Hi all,
So, after a figured how to extract a .vcf from an Illumina data [C: Getting a .vcf file from a Illumina SNPChip results (.bsc file)], now I am facing problems to filter and do the imputation.
As I never did that before, I've been trying a lot of options but with no success. So, let me explain it... It is a long story...
From a .vcf file, I used the command to filter:
vcftools --vcf input.vcf --remove-filtered-all --max-missing 0.2 --maf 0.05 --mac 1 --min-alleles 2 --max-alleles 2 --recode --out output_filtered.vcf
After that, I've tried to do the imputation using Beagle (beagle.16May18.771.jar):
java -Xmx25000m -jar beagle.16May18.771.jar gt=input.vcf out=output_imputed
but I got an error:
No genetic map is specified: using 1 cM = 1 Mb Exception in thread "main" java.lang.IllegalArgumentException: Duplicate marker:
0 1556719 Gm20_1556719_C_T G A at vcf.Markers.markerSet(Markers.java:175) at vcf.Markers.<init>(Markers.java:92) at vcf.Markers.create(Markers.java:69) at vcf.TargetData.extractMarkers(TargetData.java:130) at vcf.TargetData.advanceWindowCm(TargetData.java:120) at vcf.TargetData.targetData(TargetData.java:76) at main.Main.data(Main.java:143) at main.Main.main(Main.java:115)
So, I thought that I should create a .map file for the filtered .vcf, using PLINK:
plink --vcf input_filtered.vcf --recode --out output_plink_files
Then, I've run the Beagle again:
java -Xmx25000m -jar beagle.16May18.771.jar gt=input.vcf map=input_vcf.map out=output_imputed
and I've got:
Exception in thread "main" java.lang.IllegalArgumentException: duplication posit ion: 0 Gm20_1556719_C_T 0
1556719 at vcf.PlinkGenMap.fillMapPositions(PlinkGenMap.java:76) at vcf.PlinkGenMap.<init>(PlinkGenMap.java:53) at vcf.PlinkGenMap.fromPlinkMapFile(PlinkGenMap.java:117) at vcf.GeneticMap.geneticMap(GeneticMap.java:120) at vcf.TargetData.targetData(TargetData.java:71) at main.Main.data(Main.java:143) at main.Main.main(Main.java:115)

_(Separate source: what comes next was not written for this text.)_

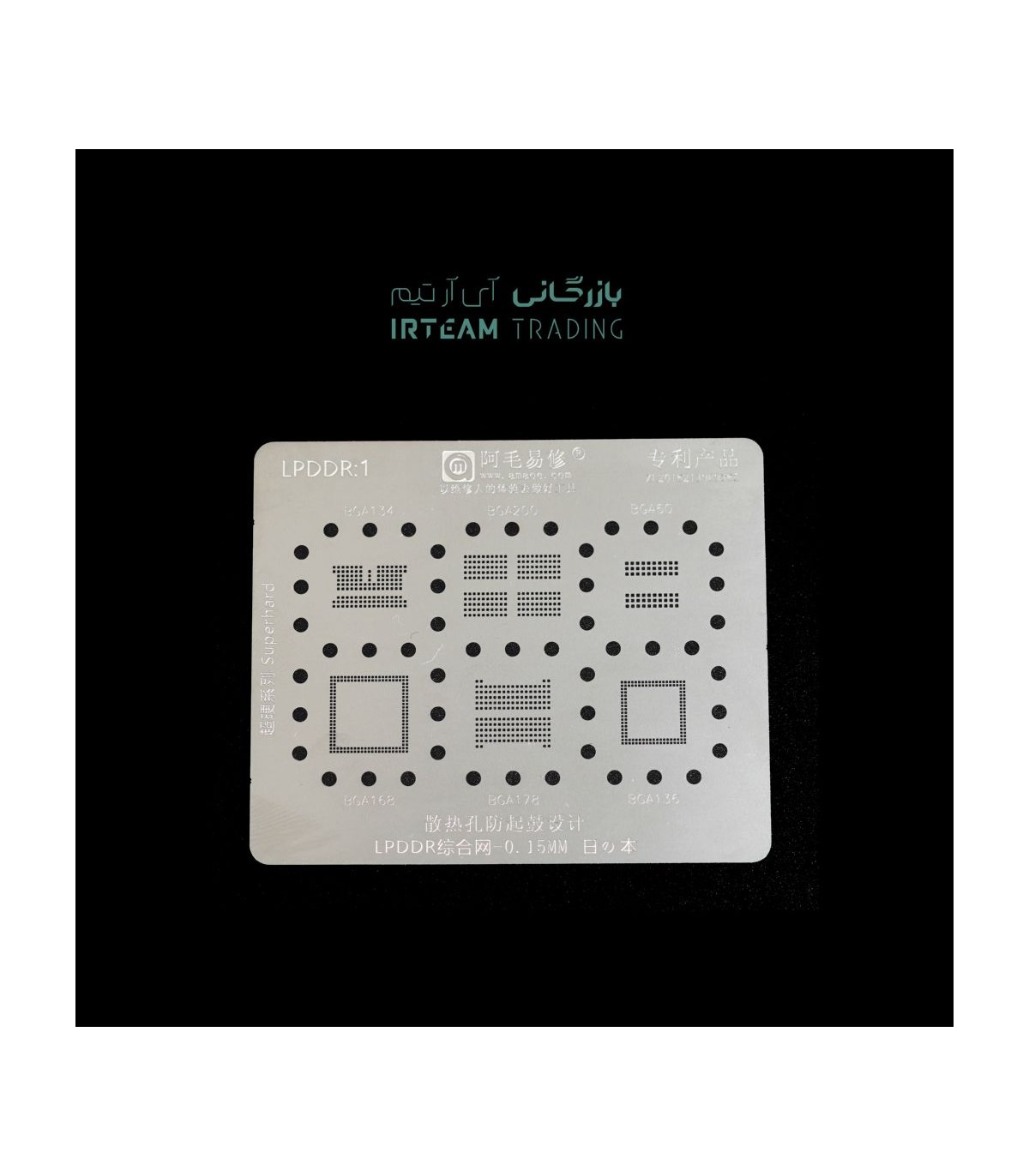 - یک عدد شابلون AMAOE LPDDR1 فولادی CNC شده

Well, reading I could see that the genetic map is not the problem but I cannot figure the duplication posit out. The thing is, I am quite lost here. Could someone help me?
Oh I also found this post [Can someone help me with imputation of missing SNPs using beagle 4?] But still didn't work for me...
Thanks in advance!
Could you search in the vcf for that position
Gm20_1556719_C_T
, for example using grep? I'm not sure how the SNP and chromosome identifiers are in your vcf file, you may have to search for1556719
separately.Yes, I did seach already! And it looks duplicate...
and I know this position is not the only one duplicate.
I added markup to your post for increased readability. You can do this by selecting the text and clicking the 101010 button. When you compose or edit a post that button is in your toolbar, see image below:
It looked like you pasted the same twice, is the output correct as I formatted it?